Starting publishing data with the ZED camera occures through the cmd:
roslaunch zed_display_rviz display_zed.launch
Starting publishing data with the AWR1843camera occures through the cmd:
roslaunch ti_mmwave_rospkg 1843es1_long_range_wo_rviz.launch
starting the DCA1000 evm occures through the cmd:
rosrun dca1000data_collection DCA1000_cli.py
to start publishing data, click the button "capture" on the DCA1000-evm board.
storing the data published from the different boards is done through this command:
rosbag record /zed/zed_node/right/camera_info /zed/zed_node/right_raw/image_raw_color /zed/zed_node/point_cloud/cloud_registered /zed/zed_node/left_raw/camera_info /zed/zed_node/left_raw/image_raw_color /ti_mmwave/radar_scan_pcl /ti_mmwave/radar_scan /DCA1000_rawdata --duration=5 -b 3048
We stored the collected data under the "date of capture" folder. Therefore, The data extraction and synchronization process occurs through the cmd
bash extract.sh <data-collection-date> <bag-name>
This script performs time and spatial synchronization between the data and stores the sensor data in their respective files under their rosbag name.(example figure)
The data annotation occures through the 3d-BAT application. The data, which is extracted from a bag has to be first copied in the 3D-BAT folder. After performing annotation, the annotation file has to be downloaded and copied to the respective bag file.
The dataset generation can be applied on the whole annotated data bags with the application "create_DB" through the cmd:
./create_DB
this will groupe all the annotated frames, which are stored into the different bags directories, under the same directory. (example figure)

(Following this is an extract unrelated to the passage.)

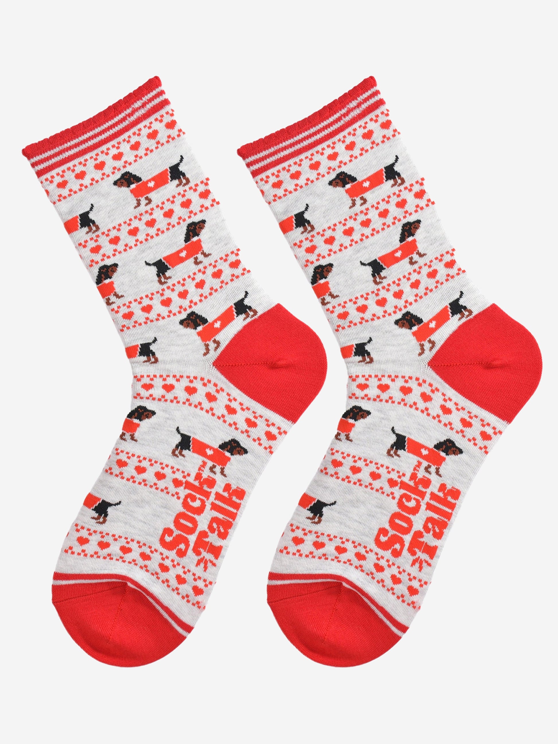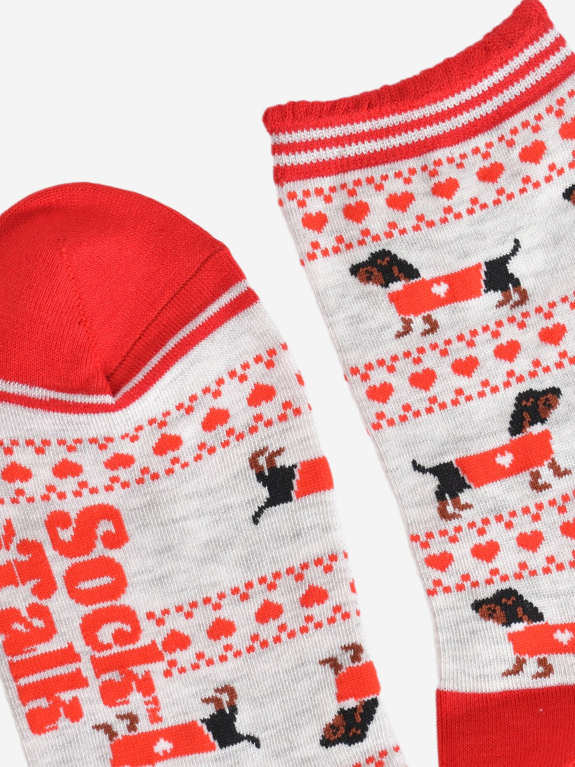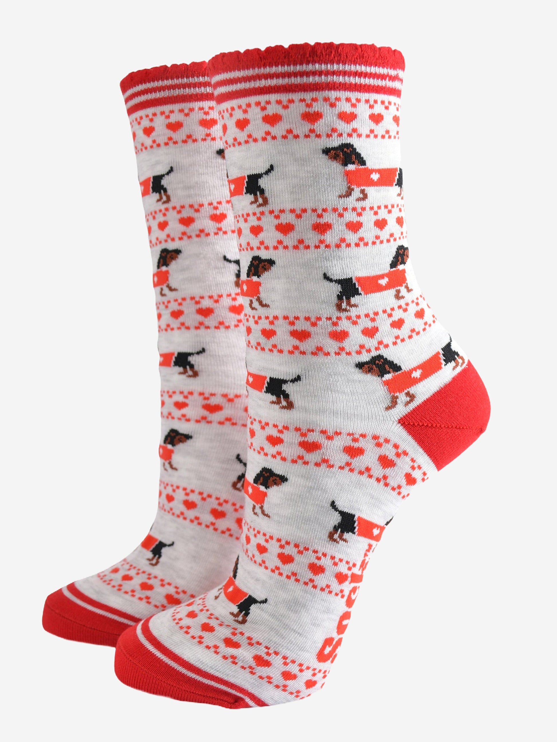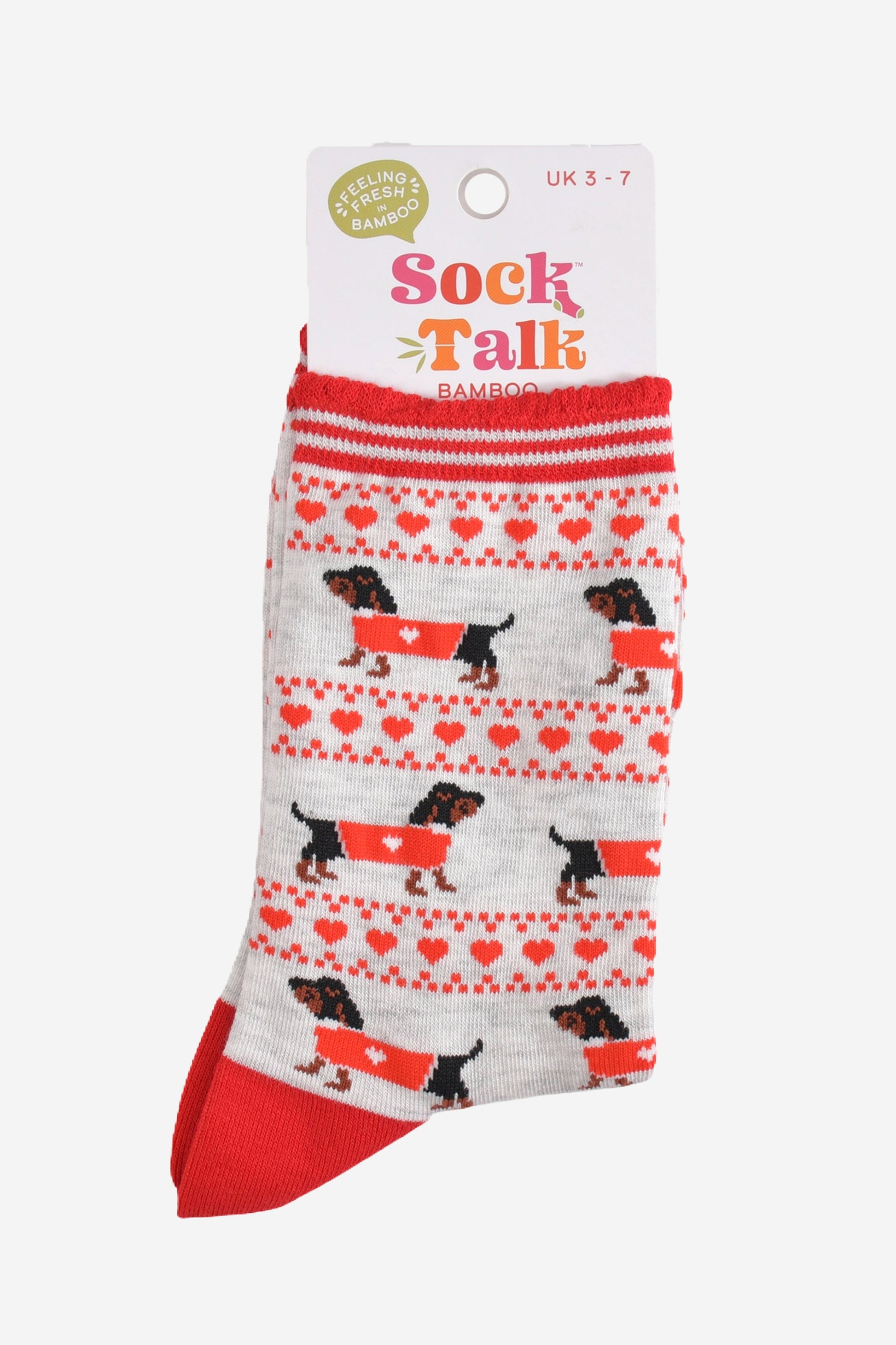Designed in the UK, these Fair Isle-inspired sausage dog socks are crafted from naturally breathable bamboo. A contrasting grey and red design showcasing playful dachshunds and red love hearts. Featuring a luxuriously comfortable scalloped cuff.

Currently we divided our dataset into two dataset "KITTI" and "KITTI_2". "KITTI" contains the "train" and "val" dataset. the "train" and "val" are divided randomely and the associated frames are stored respectively under the files "train.txt" and "val.txt" under "ImageSets" folder. "KITTI_2" contains the test dataset and the associated frames number are stored under ImageSets. (add how to generate the dataset from the excel data containig metadata about the frames)
As the stereo camera has a max range of 20 m, some Pedestrians, which are present on the image, are not present in the stereo camera PC. Therefore, to optimize the training of the 2D object detection, we generated not only 2D bbox for the 3D annotated pedestrians but for all the pedestrians present in the left-image of the SC. the 2D annotations are present in the file YOLOV3/dataset/RSC/ Remarque: the generated 2D annotations are in Kitti format, however the used YOLO version needs that the 2D annotation are in COCO format. the script "kitti2coco-label-trans.py" transforms the 2D annotation from kitti format to YOLO format.

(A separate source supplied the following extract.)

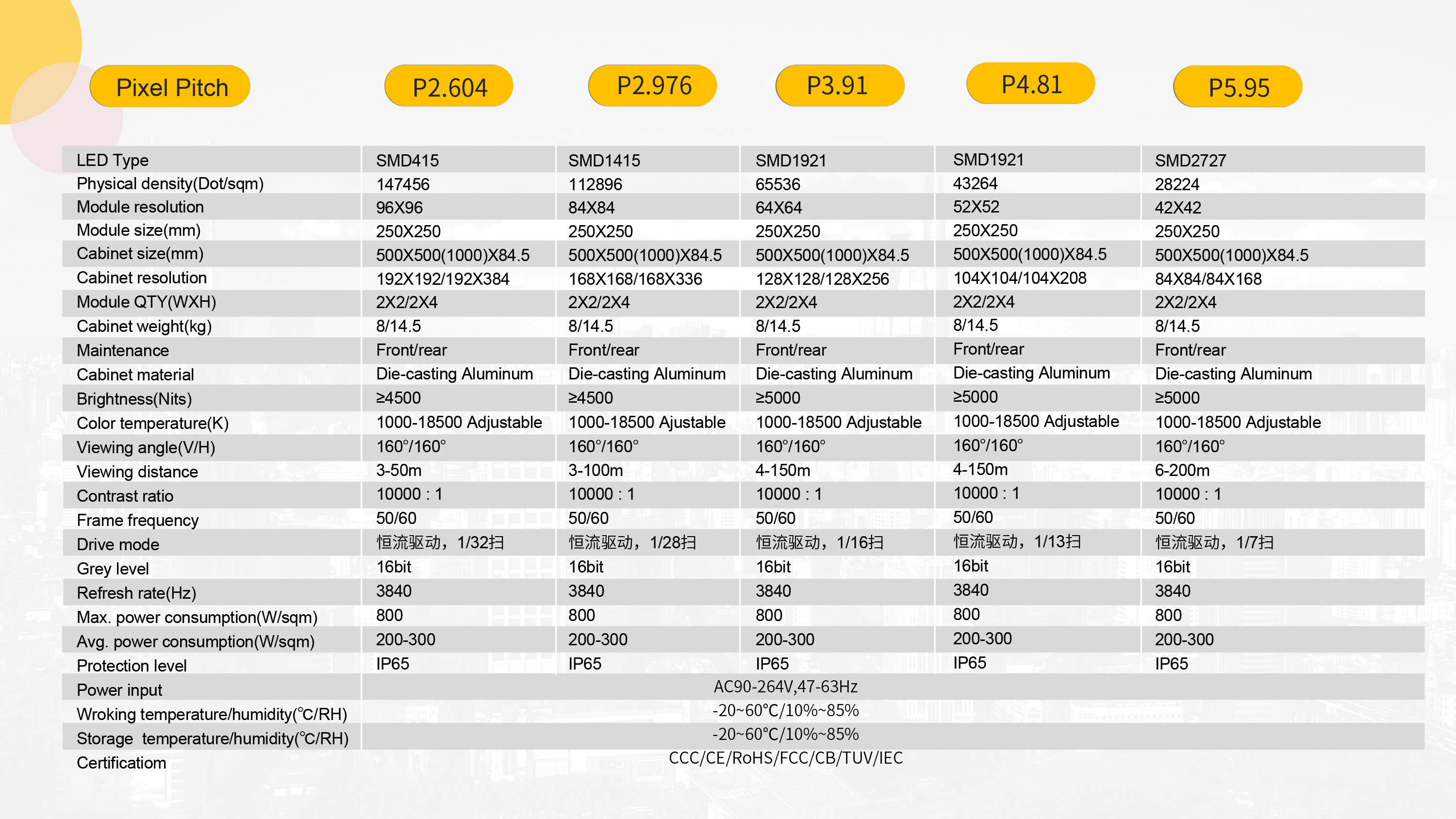 P1.5625/P1.95/P2.5/P2.604/P2.98/P3.91(500X500,1000)

Training Yolo.v3 occures through the cmd:
python3 train.py --epochs 251 --cfg cfg/kitti.cfg --data data/RSC.data --multi-scale --weights weights/yolov3.pt --cache-images --device 0
The cmd below outputs a benchmark for different resolution. the results are outputted in the txt file benchmark.txt
python3 test.py --data data/RSC.data --weights weights/best.pt --cfg cfg/kitti.cfg --save-json --device 0 --batch-size 1 --task benchmark
The command below is in charge of evaluating and outputting the results for YOLO.v3 for chosen resolution through the cmd:
python3 test.py --data data/RSC.data --weights weights/best.pt --cfg cfg/kitti.cfg --save-json --device 0 --batch-size 1 --img-size <res>
Remarque: the results outputted from YOLO.V3 are in an json file. To transform the detection result in KITTI format, 2 methods are employed:
-
As we mentioned, we had to include in the images, the pedestrians that are not included in the SC PC. therefore, we developped the script "Yolov3_val_results.py" , that permit to filter the 2D detection that corresponds to pedestrians that are 3D annotated per hand. this script work as following:
-
Load the script through the cmd:
python3 Yolov3_val_results.py <res>
-
The image with the 2D ground truth (blue) and numerated 2D detection will appear
-
To delete a 2D detection press, the number of the 2D detection box and then "space"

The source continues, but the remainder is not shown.